> [Problem description]:
With pictures excluded, copy word for word the lines in the data below from the line containing "L’événement très marquant" through the line containing "입구에 들어서자 바로".

> [Dataset records]:
_ _ _

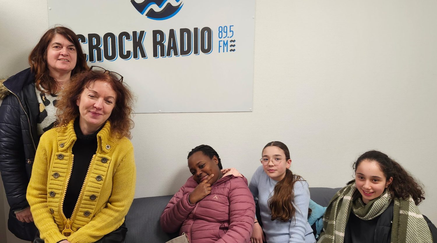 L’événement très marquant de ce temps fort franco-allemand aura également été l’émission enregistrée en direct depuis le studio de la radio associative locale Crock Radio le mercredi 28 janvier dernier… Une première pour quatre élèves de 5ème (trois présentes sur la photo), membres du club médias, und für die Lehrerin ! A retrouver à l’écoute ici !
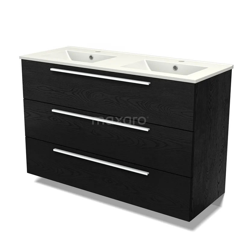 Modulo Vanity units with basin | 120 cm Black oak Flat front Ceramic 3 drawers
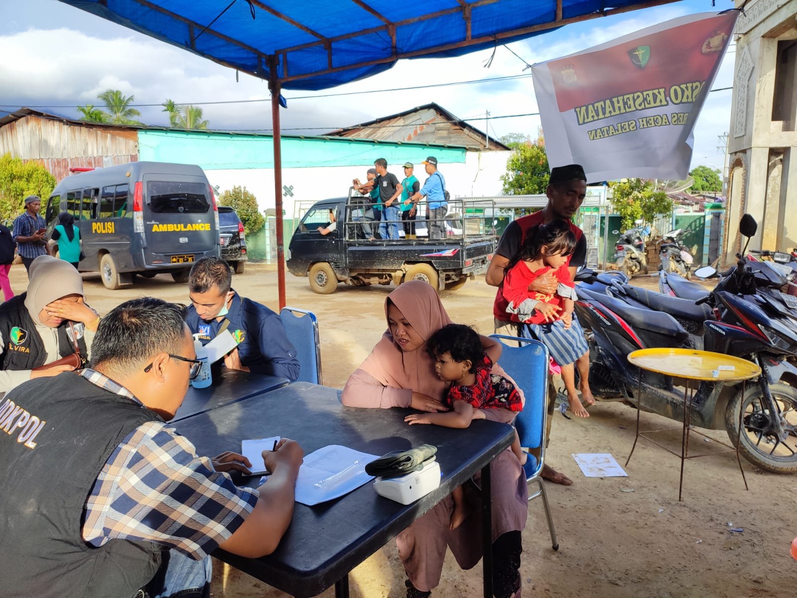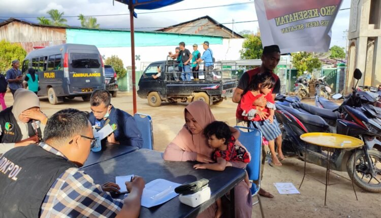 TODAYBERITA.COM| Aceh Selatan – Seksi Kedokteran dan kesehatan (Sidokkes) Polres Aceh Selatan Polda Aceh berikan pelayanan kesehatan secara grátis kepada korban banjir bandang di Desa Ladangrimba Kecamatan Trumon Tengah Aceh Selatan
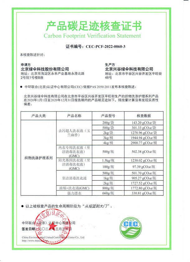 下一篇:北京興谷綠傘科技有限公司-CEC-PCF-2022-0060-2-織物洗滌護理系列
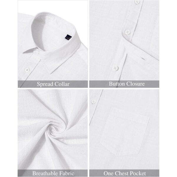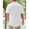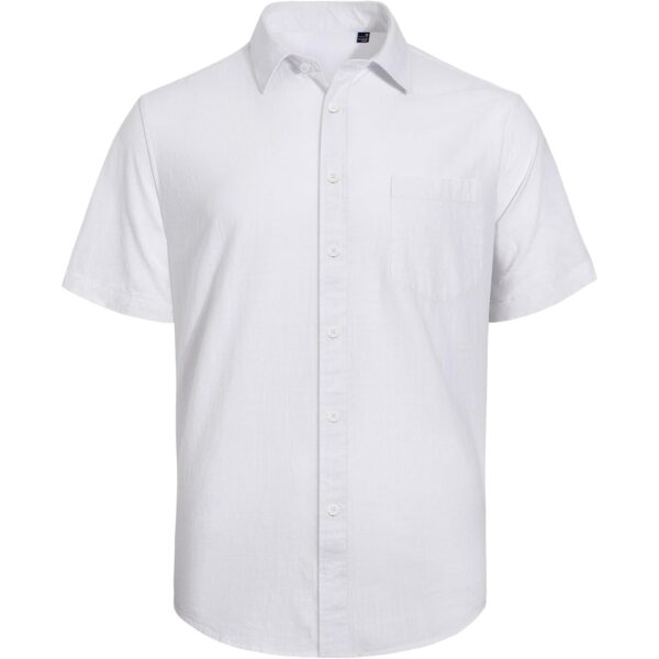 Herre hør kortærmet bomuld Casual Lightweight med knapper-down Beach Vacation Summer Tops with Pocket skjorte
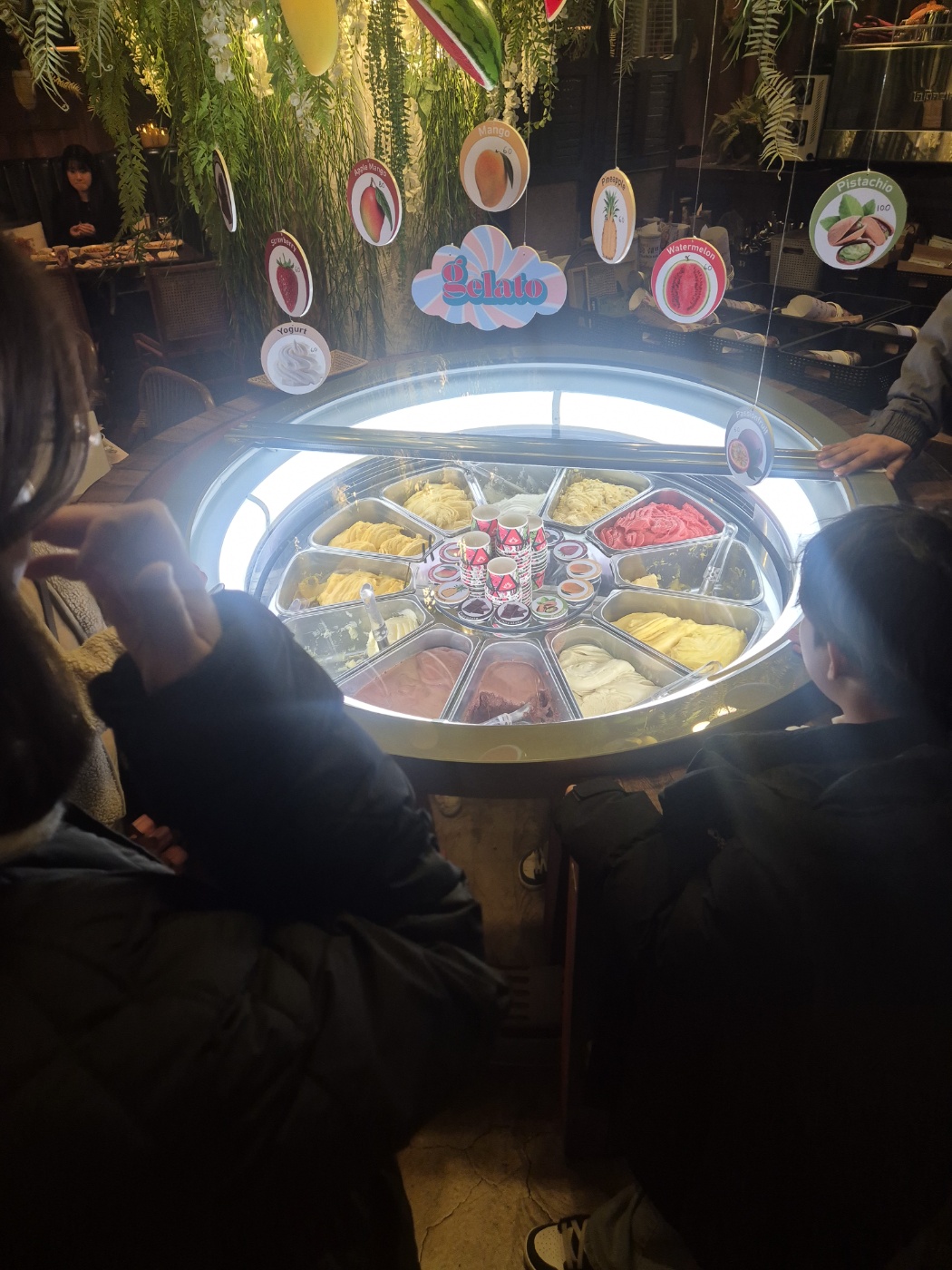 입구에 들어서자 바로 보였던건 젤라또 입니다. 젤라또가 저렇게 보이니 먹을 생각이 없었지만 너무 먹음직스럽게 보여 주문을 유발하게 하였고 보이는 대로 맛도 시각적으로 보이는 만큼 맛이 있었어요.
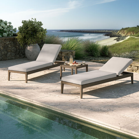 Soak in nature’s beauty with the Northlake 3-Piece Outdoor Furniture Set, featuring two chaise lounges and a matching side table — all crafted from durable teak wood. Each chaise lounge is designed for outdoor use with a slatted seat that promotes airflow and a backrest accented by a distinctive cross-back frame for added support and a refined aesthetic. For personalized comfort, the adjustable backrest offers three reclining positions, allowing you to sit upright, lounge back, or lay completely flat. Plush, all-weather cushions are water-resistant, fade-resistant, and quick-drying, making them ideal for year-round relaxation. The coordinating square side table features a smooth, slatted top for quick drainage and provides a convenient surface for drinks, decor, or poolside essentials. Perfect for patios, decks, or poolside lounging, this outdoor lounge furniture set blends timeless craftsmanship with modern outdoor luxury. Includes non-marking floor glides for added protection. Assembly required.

_ _ _

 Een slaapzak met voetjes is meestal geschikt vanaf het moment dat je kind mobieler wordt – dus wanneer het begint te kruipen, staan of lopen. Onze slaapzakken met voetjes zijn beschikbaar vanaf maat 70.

_ _ _

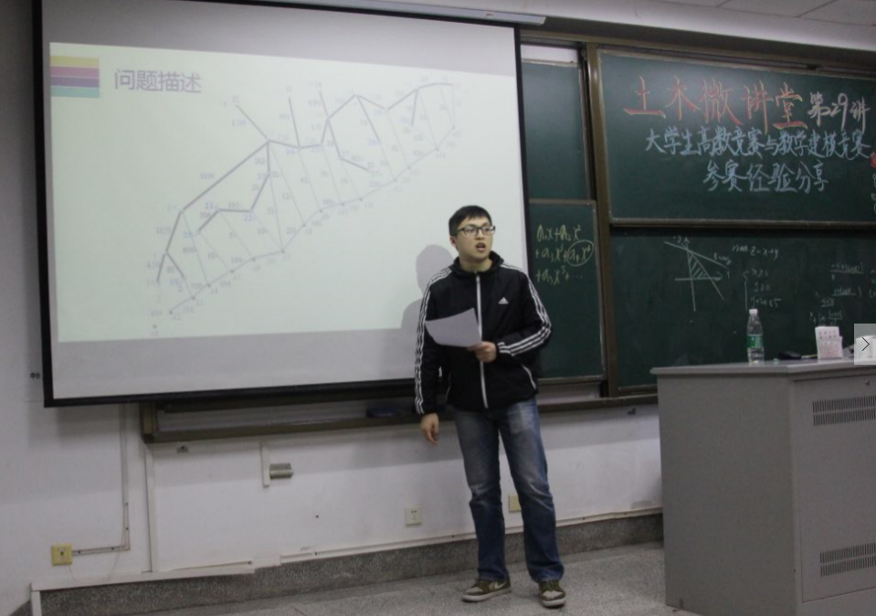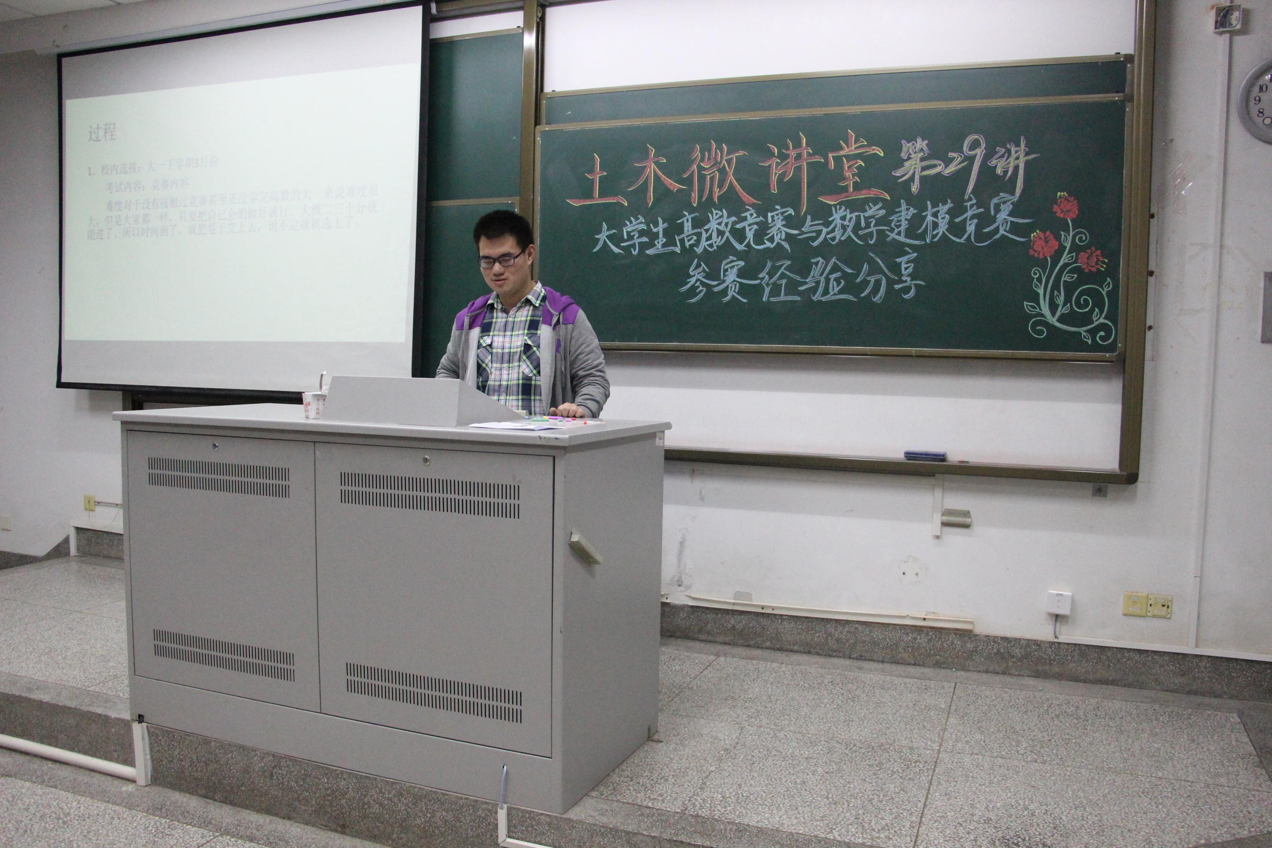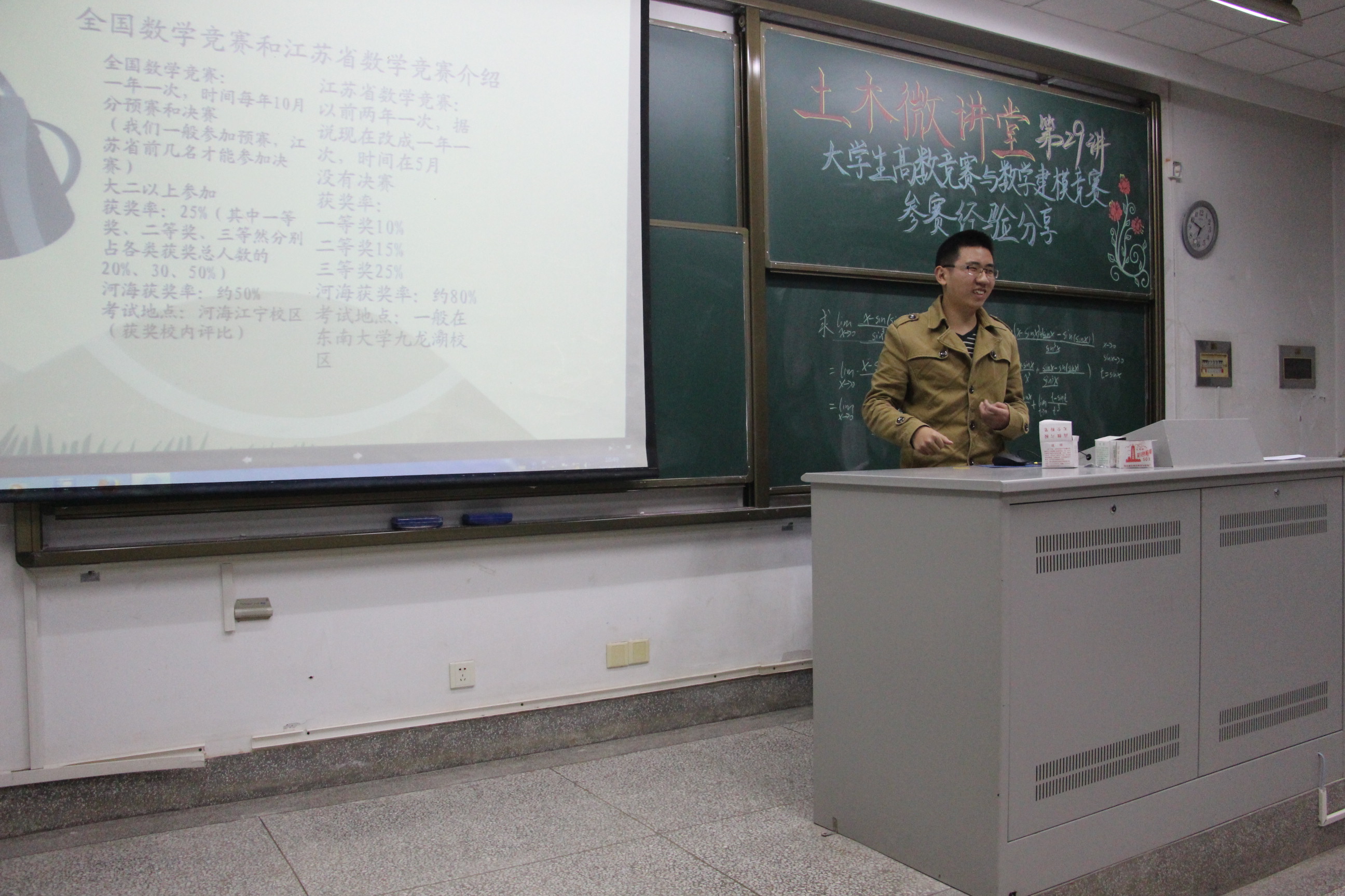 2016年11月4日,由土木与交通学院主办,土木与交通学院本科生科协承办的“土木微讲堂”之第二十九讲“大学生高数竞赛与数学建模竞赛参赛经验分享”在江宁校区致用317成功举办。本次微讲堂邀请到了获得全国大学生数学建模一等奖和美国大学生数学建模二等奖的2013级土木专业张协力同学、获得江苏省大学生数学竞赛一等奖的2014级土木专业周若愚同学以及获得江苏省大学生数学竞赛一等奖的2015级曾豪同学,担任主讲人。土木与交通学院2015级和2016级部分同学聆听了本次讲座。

_ _ _

> [Exercise answer]:
 L’événement très marquant de ce temps fort franco-allemand aura également été l’émission enregistrée en direct depuis le studio de la radio associative locale Crock Radio le mercredi 28 janvier dernier… Une première pour quatre élèves de 5ème (trois présentes sur la photo), membres du club médias, und für die Lehrerin ! A retrouver à l’écoute ici !
 Modulo Vanity units with basin | 120 cm Black oak Flat front Ceramic 3 drawers
 TODAYBERITA.COM| Aceh Selatan – Seksi Kedokteran dan kesehatan (Sidokkes) Polres Aceh Selatan Polda Aceh berikan pelayanan kesehatan secara grátis kepada korban banjir bandang di Desa Ladangrimba Kecamatan Trumon Tengah Aceh Selatan
 下一篇:北京興谷綠傘科技有限公司-CEC-PCF-2022-0060-2-織物洗滌護理系列
 Herre hør kortærmet bomuld Casual Lightweight med knapper-down Beach Vacation Summer Tops with Pocket skjorte
 입구에 들어서자 바로 보였던건 젤라또 입니다. 젤라또가 저렇게 보이니 먹을 생각이 없었지만 너무 먹음직스럽게 보여 주문을 유발하게 하였고 보이는 대로 맛도 시각적으로 보이는 만큼 맛이 있었어요.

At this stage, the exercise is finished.